What to do: Beneath this line are entries. Copy the range from the line with "Fig.20 Apterae on" to the line with "为进一步推进长三角区域一体化", ends included, exactly; leave pictures out.

Provided records:

*** Block opens ***

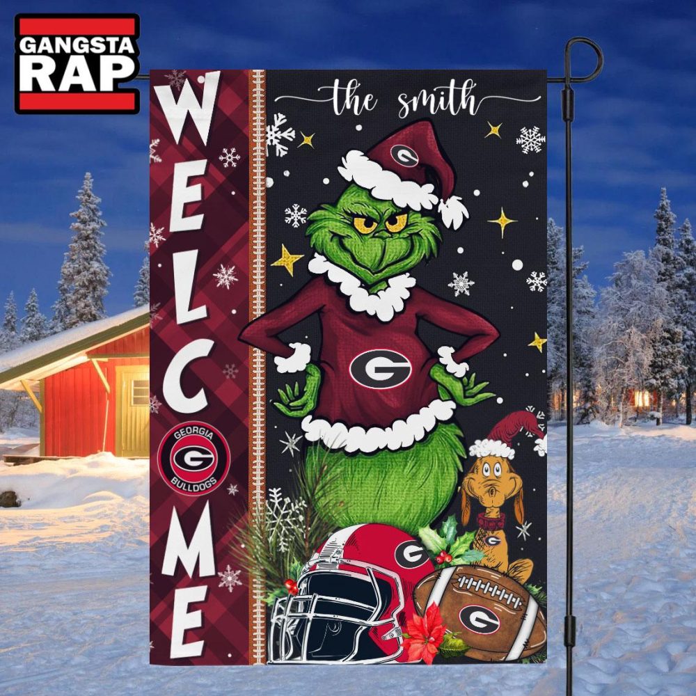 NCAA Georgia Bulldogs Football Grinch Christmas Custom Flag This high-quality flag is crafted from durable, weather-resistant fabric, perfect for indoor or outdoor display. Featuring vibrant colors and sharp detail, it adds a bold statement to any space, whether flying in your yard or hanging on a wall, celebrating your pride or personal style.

*** Block closes ***
*** Block opens ***

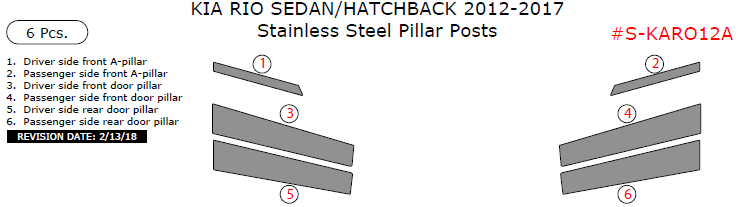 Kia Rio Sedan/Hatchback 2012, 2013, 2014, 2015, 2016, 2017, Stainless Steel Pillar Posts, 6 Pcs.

*** Block closes ***
*** Block opens ***

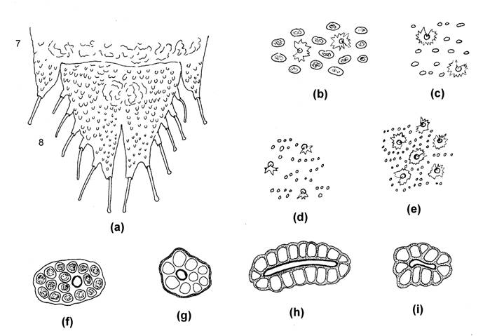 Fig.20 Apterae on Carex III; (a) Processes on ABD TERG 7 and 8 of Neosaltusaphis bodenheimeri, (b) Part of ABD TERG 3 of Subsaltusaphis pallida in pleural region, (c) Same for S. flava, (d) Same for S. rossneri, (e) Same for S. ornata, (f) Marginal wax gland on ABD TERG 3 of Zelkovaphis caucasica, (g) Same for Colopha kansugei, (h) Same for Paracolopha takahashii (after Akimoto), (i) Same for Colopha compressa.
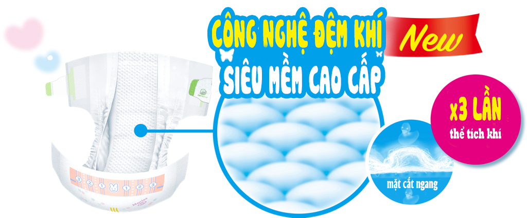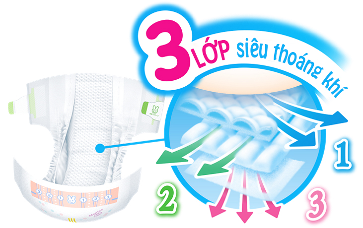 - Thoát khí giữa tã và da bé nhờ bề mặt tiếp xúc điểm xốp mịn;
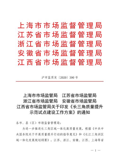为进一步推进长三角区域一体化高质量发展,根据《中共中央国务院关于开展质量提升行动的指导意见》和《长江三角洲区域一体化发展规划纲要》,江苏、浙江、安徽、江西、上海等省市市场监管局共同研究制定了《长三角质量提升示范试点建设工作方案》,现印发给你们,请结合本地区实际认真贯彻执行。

*** Block closes ***

Response to the task:
 Fig.20 Apterae on Carex III; (a) Processes on ABD TERG 7 and 8 of Neosaltusaphis bodenheimeri, (b) Part of ABD TERG 3 of Subsaltusaphis pallida in pleural region, (c) Same for S. flava, (d) Same for S. rossneri, (e) Same for S. ornata, (f) Marginal wax gland on ABD TERG 3 of Zelkovaphis caucasica, (g) Same for Colopha kansugei, (h) Same for Paracolopha takahashii (after Akimoto), (i) Same for Colopha compressa.
 - Thoát khí giữa tã và da bé nhờ bề mặt tiếp xúc điểm xốp mịn;
为进一步推进长三角区域一体化高质量发展,根据《中共中央国务院关于开展质量提升行动的指导意见》和《长江三角洲区域一体化发展规划纲要》,江苏、浙江、安徽、江西、上海等省市市场监管局共同研究制定了《长三角质量提升示范试点建设工作方案》,现印发给你们,请结合本地区实际认真贯彻执行。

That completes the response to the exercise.